The Fed has bought massive amounts of securities from major banks to help buoy the financial system during the credit crisis. In some markets, including that for mortgage-backed securities, the Fed is the biggest buyer around.
But to keep its policies public, the Fed often announces its buying plans in advance.
That enables banks to take advantage of the central bank, charging inflated prices, according to a former Fed official cited by the Financial Times.
“You can make big money trading with the government,” an executive at one leading investment management firm told the FT.
“The government is a huge buyer and seller, and Wall Street has all the pricing power.”

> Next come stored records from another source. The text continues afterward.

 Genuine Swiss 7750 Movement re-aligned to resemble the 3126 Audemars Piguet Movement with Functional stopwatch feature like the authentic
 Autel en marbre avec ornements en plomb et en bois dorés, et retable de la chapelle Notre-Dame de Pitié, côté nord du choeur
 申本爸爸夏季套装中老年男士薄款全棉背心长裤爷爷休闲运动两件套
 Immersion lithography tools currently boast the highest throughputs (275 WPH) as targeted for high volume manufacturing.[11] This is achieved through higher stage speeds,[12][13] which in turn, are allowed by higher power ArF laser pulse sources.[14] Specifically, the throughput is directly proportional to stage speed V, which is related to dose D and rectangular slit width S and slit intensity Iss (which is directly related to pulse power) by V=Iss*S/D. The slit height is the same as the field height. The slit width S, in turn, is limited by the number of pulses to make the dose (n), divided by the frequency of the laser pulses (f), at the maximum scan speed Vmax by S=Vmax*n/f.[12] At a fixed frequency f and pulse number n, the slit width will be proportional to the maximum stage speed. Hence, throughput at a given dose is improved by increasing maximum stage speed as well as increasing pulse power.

New York Fed President William Dudley defends the Fed’s actions.
“We believe that opting for transparency is a greater good,” he told the paper. “If we didn’t have transparency, we’d be criticized on other grounds.”
Meanwhile, the chorus of outside Fed critics is growing louder.

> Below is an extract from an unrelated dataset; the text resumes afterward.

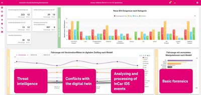 Software-definierte Fahrzeuge erfordern ein effektives Sicherheitsmanagement. Neue, internationale Vorgaben (UNECE R155, ISO/SAE 21434) geben dabei den Takt an, denn sie verlangen, dass die Cybersicherheit in allen Phasen der Entwicklung und während des gesamten Lebenszyklusses gewährt wird. Einen zentralen Teil dieser Anforderungen deckt das von T-Systems entwickelte Automotive Security Monitoring (ASM, Bild) ab.

Economist Allan Meltzer says that the Federal Reserve’s exit strategy from its easing is likely to fail and that the central bank should start tightening now.

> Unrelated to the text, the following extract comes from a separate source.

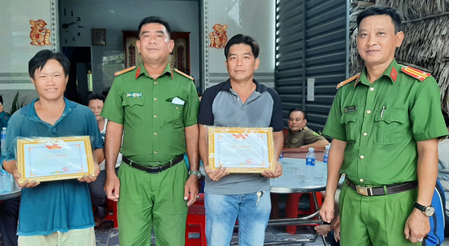 Ảnh: Đồng chí Trung tá Danh Thật (thứ hai từ trái sang) – Trưởng Công an xã Vĩnh Phước B trao giấy khen cho 02 cá nhân có thành tích xuất sắc trong truy bắt đối tượng.
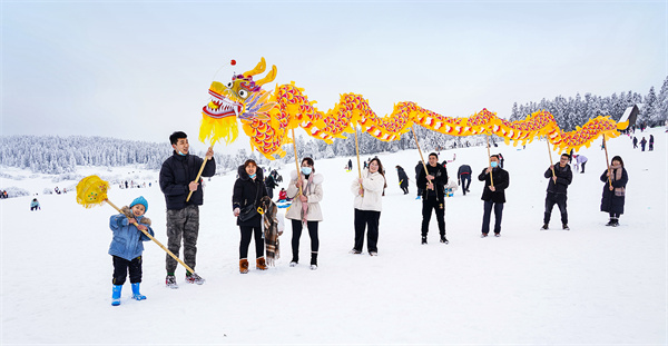 进入仙女山景区,这里张灯结彩,热闹非凡,处处呈现出浓厚的新春节日氛围,游客们在如梦似幻的冰雪童话世界里,尽情地打雪仗、堆雪人、滑雪、拍照,玩得不亦乐乎,直呼过瘾。同时“寻宝武隆迎新春”“舞龙表演”“冰雪世界的舞会”等系列新春活动纷呈,吸引了游客纷纷参与。

Otherwise, high inflation is likely to ensue, Meltzer, one of the foremost Fed scholars, writes in Fortune magazine.
When Fed Chairman Ben Bernanke announced the Fed’s exit strategy from its vast intervention earlier this month, he said it would happen "in a smooth and timely manner," Meltzer points out.
“It's reassuring that Fed officials are aware of the inflation risk, but their program is unlikely to succeed. Much research shows that it takes about two years for anti-inflation policy to work.”
“That means the Fed needs to start now and stick with it.”
If the Fed is determined, it can squelch inflation, Meltzer says.
“However, history warns that we should be skeptical of the Fed's willingness to sustain the program when pressured to abandon it by so many powerful forces: Congress, the Obama administration, the business community, and labor unions.”
Beating inflation “requires accepting a temporary medium-term increase in unemployment and interest rates and maintaining a degree of independence that this Fed has not shown,” Meltzer writes.
Reuters columnist James Saft also worries that the Fed will succumb to political pressure.
“The role the Fed has played in the crisis has made it subject to more political interference, not least because it has strayed into areas of fiscal allocation that are traditionally, and best, left to elected officials,” he writes.